Belfast Telegraph

Monday 28 July 2014

The night Jonny Evans became a star

Jonny Evans produced a masterclass in the art of defending in Porto

Best player in the world? Lionel Messi or Cristiano Ronaldo? The debate continues. There was no debate, though, in Porto on Tuesday night about who the best player on the pitch was.

It was the magnificent, the mighty, the monumental Jonny Evans.

He was head and shoulders above everyone else in the Estadio Do Dragao and that's saying something considering all the outstanding performances from Northern Ireland's heroes, who earned a deserved 1-1 draw against a high class Portuguese side supposed to batter them.

With Ronaldo winning his 100th cap all the pre-match talk had been about him, but come the final whistle it was the name of Jonny Evans being spoken about in revered tones following a World Cup qualifier dripping with drama.

When Manchester United's Evans was so calm and collected on his international debut at Windsor Park during an epic 3-2 victory over Spain in 2006, one sensed he was going to be something special, but it's only been lately in a Northern Ireland shirt that he has started to realise all that potential.

Maybe it is the influence of new boss Michael O'Neill or the fact that Evans is relishing the extra responsibility of being vice-captain. Whatever, it's working.

Evans impressed in Northern Ireland's opening game of this World Cup campaign — a 2-0 defeat in Russia — and against Luxembourg in Belfast when the visitors somehow drew 1-1.

In Portugal he hit top gear combining defensive excellence with footballing ability to put on the most majestic of displays.

He always seemed to be in the right place when the home side attacked and make the right choice in possession.

A case in point was his precision pass to Kyle Lafferty who in turn set up Niall McGinn for Northern Ireland's goal.

As the rain poured down, the 24-year-old, enjoying his best game for his country, must have felt like he was walking on water.

What made his performance even better was that it inspired less experienced defenders Craig Cathcart and Ryan McGivern, who were exceptional.

Record goalscorer David Healy was watching from the bench in awe.

He's almost played 100 times for Northern Ireland and said it was as good as he's seen from one of our back four, while the great Luis Figo told me in Porto airport that on the evidence of Tuesday Jonny can be anything he wants to be.

What about Britain's best defender for starters? For sure if he can maintain that form for club and country.

While Evans was the star performer, every other Northern Ireland player deserves the praise coming their way for what was the greatest performance I have witnessed in the flesh from our wee country on the road.

I was a schoolboy in the 80s when we celebrated those famous victories in Spain, Germany and Romania and while there have been some fine away days since I started covering international football in the mid 90s, nothing compared to the draw in Portugal, which would have been a win but for Helder Postiga's late equaliser.

Think who we were playing.

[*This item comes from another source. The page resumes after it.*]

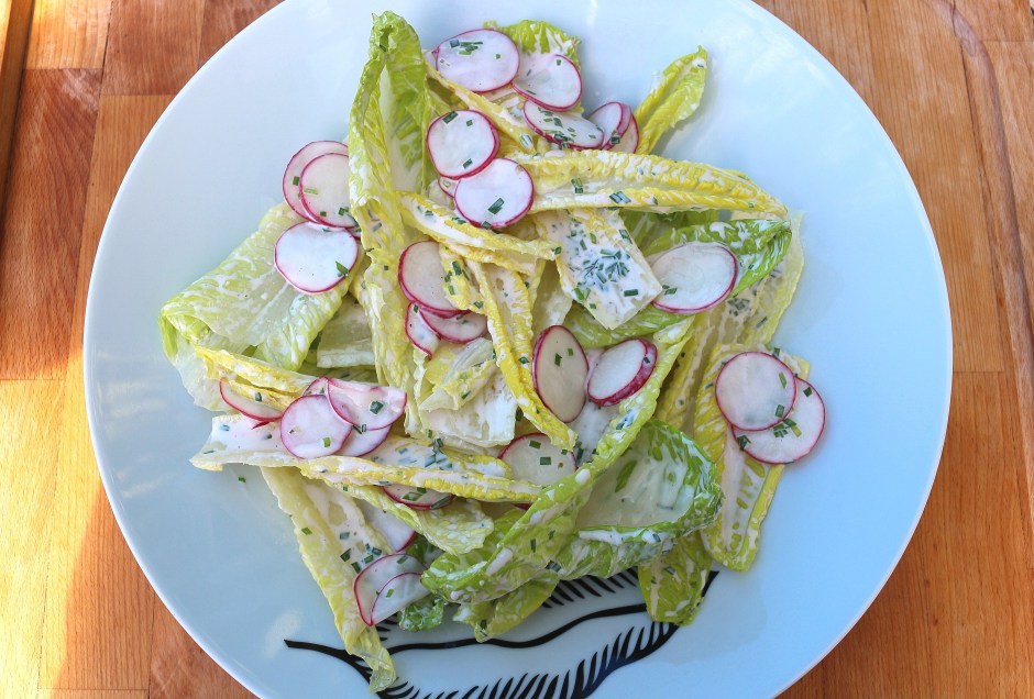 mix 1/4 cup greek yogurt with 1 tblsp lime juice, 1 tblsp sliced chives and 1 tblsp organic honey, season with kosher salt and cayenne pepper to taste, toss with the salad, arrange on a serving platter
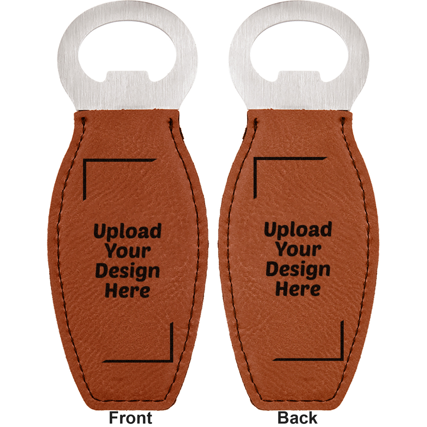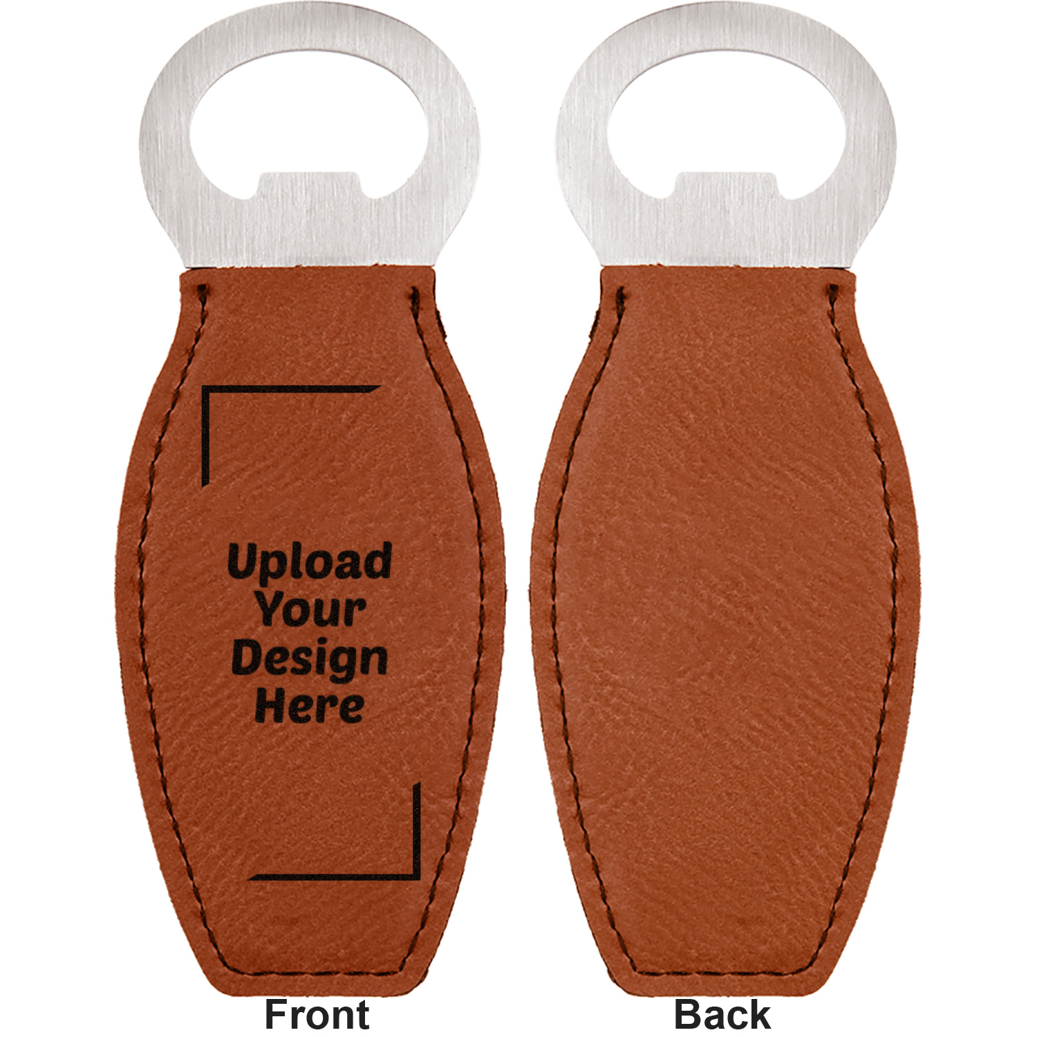 Built from stainless steel, these custom bottle openers are wrapped in a cognac-colored leatherette. Sharp, black stitching lines the edges for extra durability and a finished touch. Your personalization is laser-engraved onto the surface of this leatherette, leaving behind a crisp, black coloration. At 4.6 by 1.8 inches, this beer bottle opener gives you much of leverage when trying to open a stubborn bottle. On the opposite end of the opener, you'll find a magnet that you can use to display your new, unique bottle opener!

Portugal, one of the best in the world, captained by the iconic Ronaldo.

Everything that you would have wanted was there — hunger, commitment, skill, discipline and organisation with the team perfectly prepared tactically by the manager during a five day training camp which was clearly beneficial.

Now we have to build on this and beat Azerbaijan at Windsor next month.

Former Shamrock Rovers boss O'Neill has some big choices to make if everyone is fit and available.

Gareth McAuley and Shane Ferguson are certs to return though Cathcart and Corry Evans can feel unfortunate if they have to make way.

Ferguson should join McGinn and the experienced Steve Davis and Chris Baird in midfield, but who will play just behind Kyle Lafferty? Oliver Norwood, who did so well against Portugal, Dean Shiels or Chris Brunt?

These are good selection dilemmas for the boss to have.

We're not going to qualify for the finals in Brazil in 2014, but finishing third in Group F would be a fantastic result. We're fourth at present but moving forward.

After a rough old time, there are smiles on the faces of Northern Ireland players and fans again. Sure beats those frowns.